= TexShare =

The TexShare program is a statewide resource-sharing consortium of hundreds of member libraries in Texas, United States administered by the Texas State Library and Archives Commission (TSLAC). The TexShare program maximizes the effectiveness of library expenditures by enabling member libraries to share staff expertise, share materials electronic and print formats, pursue joint purchasing agreements on electronic databases, and encourage the cooperative development of Texas libraries statewide. TexShare is made up of Texas academic libraries, public libraries, and libraries of clinical medicine. TexShare is a member driven consortium that exists with the support and cooperation of Texas member libraries.

==History==

The idea of a statewide resource sharing project in Texas was first proposed by Texas academic library directors in 1988. The original group of TexShare members consisted of 53 publicly supported four year academic and medical libraries, with the Texas Higher Education Coordinating Board providing funds starting in fiscal year 1994.

The beginning years of TexShare were devoted to planning and starting cooperative resource sharing initiatives such as funding for Internet connectivity and interlibrary loan workstations, creating protocols, leveraging costs for online resources, fostering a statewide library card program, and offering grants. Administrative duties were contracted out to Amigos Library Services and the University of Texas at Austin.

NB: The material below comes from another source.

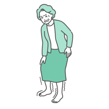 介護・福祉 足の痺れ・痛みに耐える高齢女性のイラスト(脊柱管狭窄症・糖尿病・坐骨神経痛)

Between 1997 and 1999, legislative statute expanded TexShare membership to include independent academic institutions, community colleges, and public libraries. In 1999 the Texas State Library and Archives Commission assumed full administrative responsibility for TexShare, with Amigos and University of Texas at Austin continuing to provide vital logistical and technical support as Strategic Partners. Legislative statute again expanded TexShare membership in 2001 to include libraries of clinical medicine, and in 2005, another legislative statute granted the Texas State Library and Archives Commission authority to negotiate group purchasing agreements on behalf of Texas K-12 public school libraries.

==Governance==

The TexShare Advisory Board provides administrative guidance, and is composed of representatives from community colleges, private universities, publicly funded academic institutions, public libraries, and two representatives of the general public.

TexShare Working Groups provide member input on the policies and operations of each TexShare program. The working groups are composed of librarians chosen to represent the various constituent groups and geographic diversity within TexShare.

==Programs==

Two of the current programs of TexShare available through Texas libraries are:

- TexShare Databases - Registered users of Texas libraries have these online research tools available to them both inside the library and 24-hour-a-day access outside the library in their homes or offices. The TexShare online resources provide full-text articles from journals, newspapers, magazines, and many other sources, on-line books, and topics such as homework help for students, health information, business information, biography and genealogy, as well as literature and archival information. Library users can access these online resources a variety of ways, either through library specific interfaces or through the Library of Texas interface.
- TexShare Card – Eligible registered users of Texas libraries obtain this card to check out books and other physical materials from the collections of TexShare member libraries across the State of Texas. Each library creates individual lending policies as guidelines for TexShare Card owners. Greater access to collections statewide is a major benefit to the user.

TexShare works closely with other programs offered by the Texas State Library and Archives Commission, including the TexQuest Program for K-12 public and open enrollment schools, statewide Inter-library Loan program, grants programs (particularly the signature TexTreasures Grant), and the E-Read Texas e-books program.

TexShare is a member of the International Coalition of Library Consortia.